Checklisten: Sicher arbeiten oder Zeit verschwenden?

In der Luftfahrt sind Checklisten ein bewährtes Instrument, um die Sicherheit zu erhöhen. Sie sollen gewährleisten, dass gerade bei Routineabläufen keine Details vergessen werden und Verantwortlichkeiten bzw. Aufgabenverteilungen klar und eindeutig geregelt sind.

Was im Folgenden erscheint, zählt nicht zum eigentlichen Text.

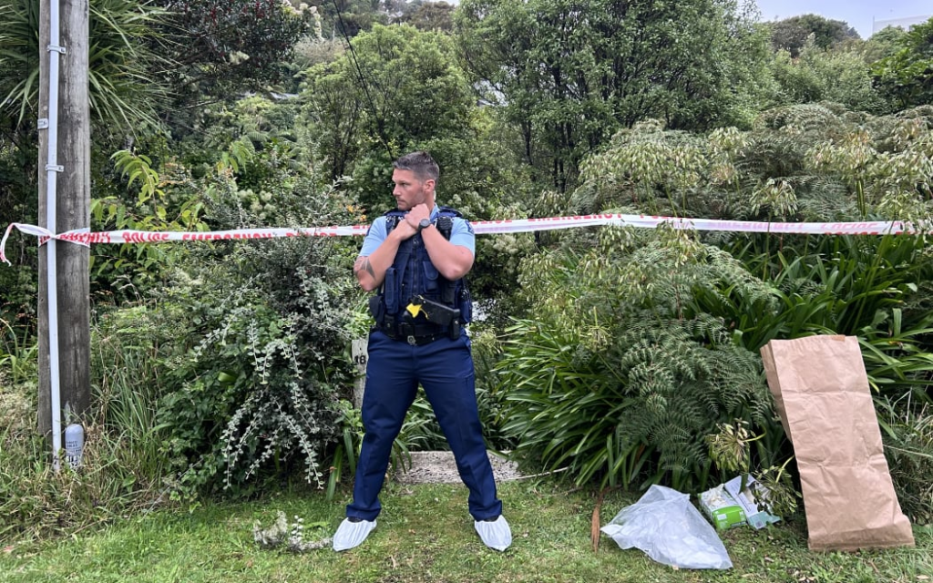 (Wellington police at the scene in Albemarle Road, Northland, where a man was found dead outside a property. Photo: RNZ / Ashleigh McCaull)

Damit werden Abläufe standardisiert reproduzierbar und Fehler, die nicht aufgrund von mangelndem Wissen, sondern weitaus öfter aufgrund von mangelnder Kommunikation und Koordination oder Zeitdruck und Unaufmerksamkeit entstehen, können vermieden werden.
Piloten kennen ihre Arbeitsabläufe sehr genau, dennoch ist es unabdingbar, vor dem Start mithilfe von Checklisten zu prüfen, ob auch wirklich kein Punkt vergessen wurde. Reiner Zeitverlust? Mitnichten, denn die Methode ist kostengünstig, extrem wirkungsvoll und braucht – richtig eingesetzt – kaum mehr als einige Minuten Zeit.
In vielen OPs hat sich das strukturierte Abarbeiten von Checklisten, oder auch „Team Time-out“ genannt, vor und nach der Durchführung eines Eingriffs bereits etabliert. Keine wie auch immer geartete Checkliste kann alle denkbaren Gefahren vorab eliminieren, aber sie schaltet jene Unzulänglichkeiten aus, die durch „einfaches Vergessen“ in stressigen Situationen auftreten können – stimmt die Blutgruppe, ist es der richtige Patient für den richtigen Eingriff, wurden Allergien und Infektionen abgeklärt?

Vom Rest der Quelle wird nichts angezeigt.